> **What you are asked to do**:
Start with the line that holds "五十川 尽之助さんを姓名の画数から五運を鑑定". Please copy it and each remaining line below exactly, leaving pictures out.

> **Records for this exercise**:

━━━━━━

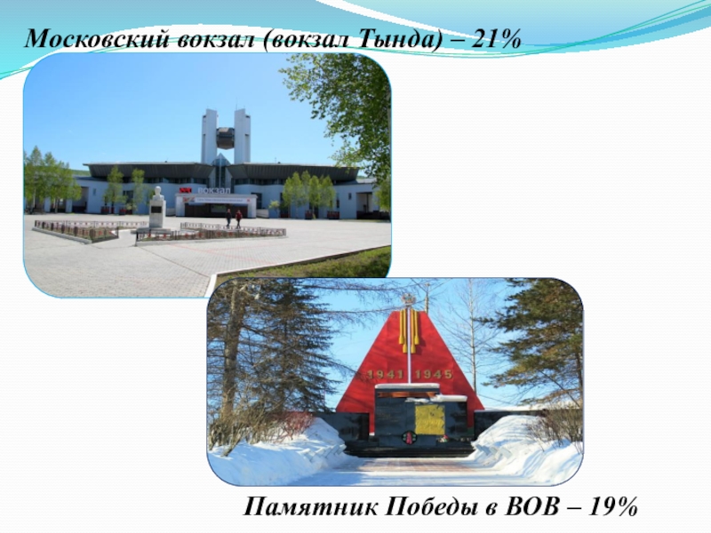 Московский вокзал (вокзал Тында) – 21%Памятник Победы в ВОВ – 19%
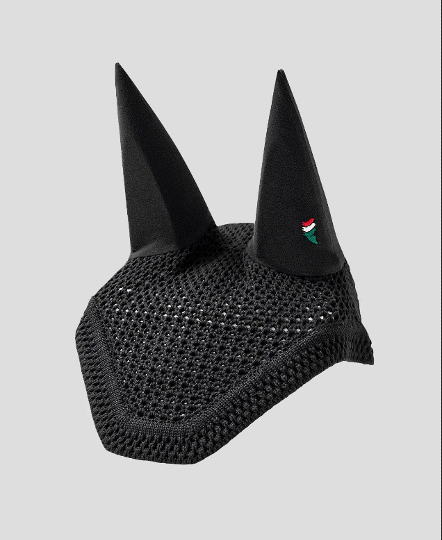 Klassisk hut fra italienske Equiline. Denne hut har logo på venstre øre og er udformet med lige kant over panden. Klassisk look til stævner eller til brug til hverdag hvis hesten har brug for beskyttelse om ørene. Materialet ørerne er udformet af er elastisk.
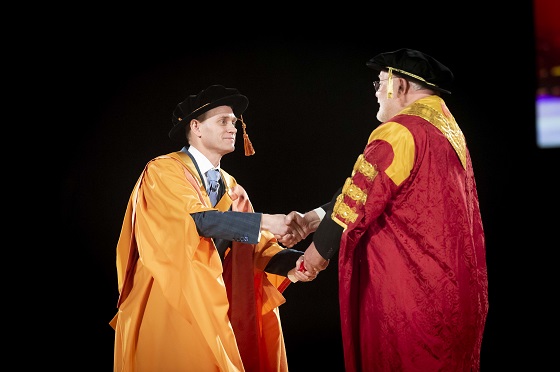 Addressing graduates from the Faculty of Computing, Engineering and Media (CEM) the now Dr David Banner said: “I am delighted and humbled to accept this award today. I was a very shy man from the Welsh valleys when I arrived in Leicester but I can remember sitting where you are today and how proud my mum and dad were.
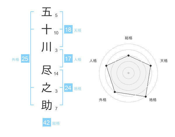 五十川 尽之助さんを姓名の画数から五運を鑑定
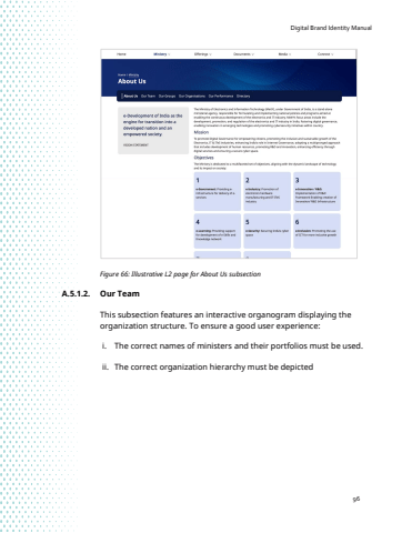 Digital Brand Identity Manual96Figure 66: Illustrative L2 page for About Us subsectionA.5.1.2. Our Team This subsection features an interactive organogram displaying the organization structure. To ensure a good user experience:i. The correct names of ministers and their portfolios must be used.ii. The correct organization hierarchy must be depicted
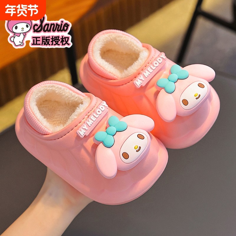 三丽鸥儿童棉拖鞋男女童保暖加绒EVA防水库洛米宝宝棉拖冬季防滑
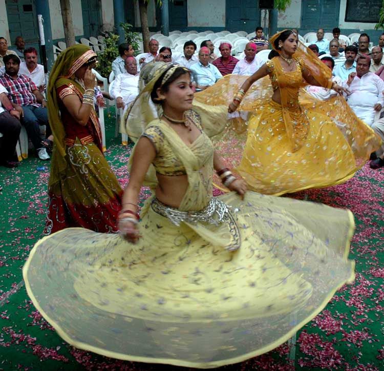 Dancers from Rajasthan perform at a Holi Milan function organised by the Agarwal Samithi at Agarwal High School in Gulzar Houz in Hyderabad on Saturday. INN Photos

━━━━━━

> **Task response**:
 五十川 尽之助さんを姓名の画数から五運を鑑定
 Digital Brand Identity Manual96Figure 66: Illustrative L2 page for About Us subsectionA.5.1.2. Our Team This subsection features an interactive organogram displaying the organization structure. To ensure a good user experience:i. The correct names of ministers and their portfolios must be used.ii. The correct organization hierarchy must be depicted
 三丽鸥儿童棉拖鞋男女童保暖加绒EVA防水库洛米宝宝棉拖冬季防滑
 Dancers from Rajasthan perform at a Holi Milan function organised by the Agarwal Samithi at Agarwal High School in Gulzar Houz in Hyderabad on Saturday. INN Photos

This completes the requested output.